3. Life's meaning and goal. Pinckaers quotes the pioneering Austrian psychiatrist, Alfred Adler, as saying "The psychic life of man is determined by his goal." St. Thomas taught that happiness is our ultimate end, but later moralists dismissed this idea of Man's ultimate end as "too speculative" in favour of "the study of individual actions in relation to law, the study of cases of conscience". But this misses the point that finality is essential to human existence.
Since the question of life's goal or ultimate end is so important, we might define Christian ethics as the science that teaches us the meaning of life. It shows the supreme end toward which all our actions should be directed, the end that gives them meaning, value, and wholeness. Within this perspective, the work of the ethicist and the priest will be to help every Christian, indeed all whose lives they touch, to respond personally to the question of the real meaning of life. Their task will be to point out the highest good in the light of the Gospel and to show how all lesser goods can lead to it.4. Suffering. Pinckaers observes that "the manuals of moral theology have little to say about suffering", choosing instead to refer this matter to treatises on asceticism. But as he points out further, both Scripture and human experience shows the centrality of suffering in human existence. The life of Christ and His disciples is steeped in suffering. The theme is prominent in the Psalms and in Job. Even on a relatively mundane level, suffering leads Man to appreciate good. According to Pinckaers, the failure of ethicists to deal with this concept is another result of the over-emphasis on obligations: "once the idea of obligation becomes dominant and determines the scope of morality, the consideration of suffering becomes marginal, since it is not a matter of obligation," and continues, "On the other hand, if the idea of happiness is the initial consideration in moral theology, the place of suffering will be obvious, for it is precisely the reverse of happiness. Suffering will then be an element of moral theology from the start." The concept of suffering is prominent in St. Thomas, too, and closely tied up with the virtue of courage, Christian martyrdom, and the Passion of Christ.

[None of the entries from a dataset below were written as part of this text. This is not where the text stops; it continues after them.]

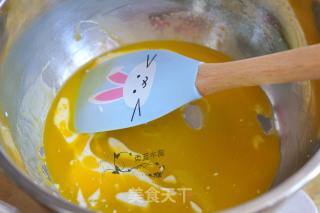 步骤2、蛋黄里加入橄榄油,混合均匀后,加入牛奶。
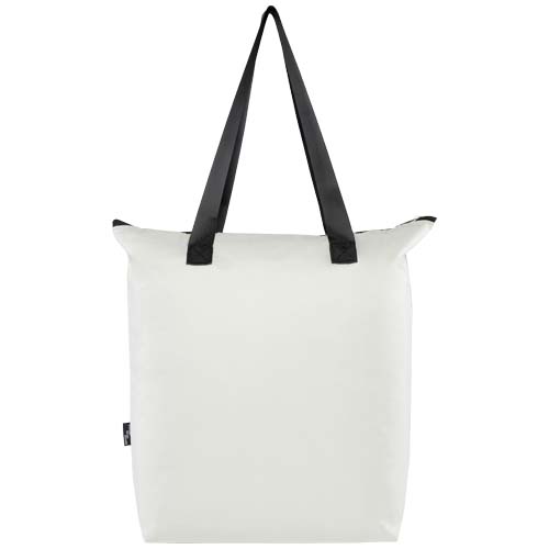Progettata per la comodità e la praticità, questa borsa termica leggera ma resistente si adatta a qualsiasi esigenza ripiegandosi ordinatamente in un marsupio compatto dotato di un passante per essere appeso o trasportato in giro facilmente, rendendola perfetta per i picnic, la spesa o le avventure all'aperto. Presenta uno scomparto principale con cerniera e lamina di alluminio, una tasca anteriore aperta e due lunghi manici fettuccia di qualità liscia. Realizzato in poliestere riciclato senza PVC. Capacità: 15 litri.
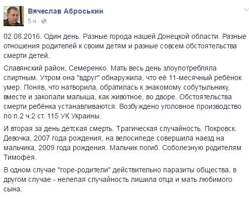 "Девочка 2007 года рождения на велосипеде наехала на мальчика 2009 года рождения. Мальчик погиб. Нелепая смерть. Вторая нелепая детская смерть за один день", - написал Аброськин.
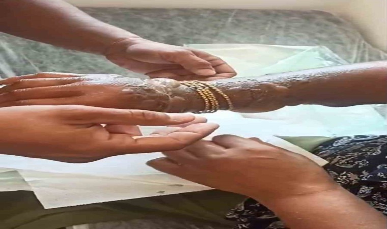 Hatay’da kolu yanan kadının bilezikleri kesilerek çıkarıldı.
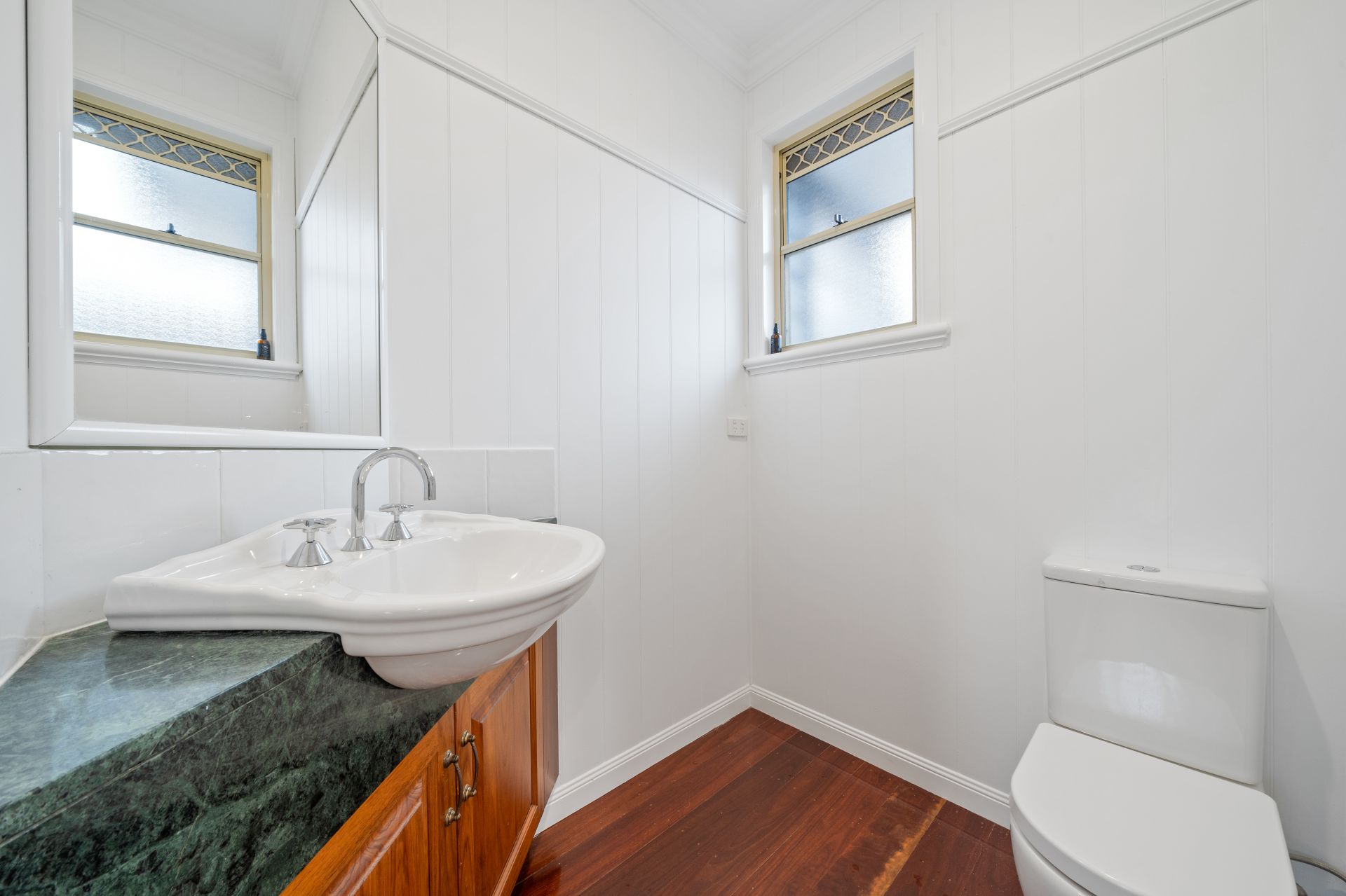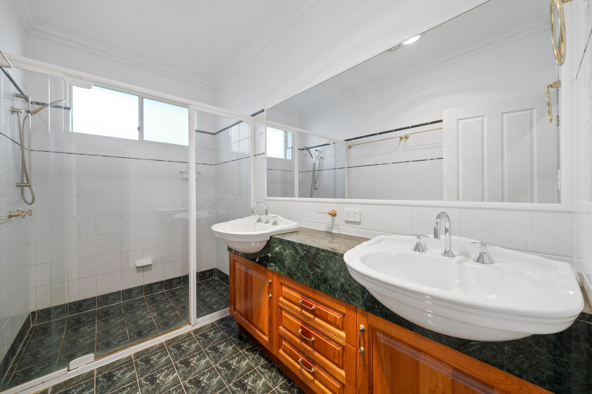 > The ensuite to the master boasts a huge shower with detachable showerhead, granite topped dual basin vanity with plenty of storage, large framed vanity mirror, quad towel racks, heat/light/extractor combo, sliding window and separate powder room.

Pinckaers believes that the separation of ethics and suffering is the product of a rationalistic mindset, according to which reason and will occupy the paramount position in the moral life of the individual, while love and suffering are secondary concepts. On an even lower level is to be found the (largely irrational) sentiments, which must be dominated by reason. But, says Pinckaers,
In setting up this dichotomy between reason and appetite, rationalism misunderstands the existence of what might be termed spiritual sensibility... [which] is associated with direct perception - a kind of instinct or connatural knowledge - and with the unique movement of selfless love which is the love of friendship... And delightedly [St. Thomas] called the gifts of the Holy Spirit "instincts of the Holy Spirit" in both intellect and will.Instead, Pinckaers, here as always, calls for a more integrative approach which can also effectively take in the question of death which is so prominent in our society.
I can't determine whether his assertion that the separation of ethics and asceticism is due to rationalism is correct, or whether this separation necessarily implies that one is superior to the other. I might seem reasonable to separate the two for investigative purposes. But the integrative approach called for by Pinckaers certainly seems to promise a more rounded view of human existence and the role of ethics in it.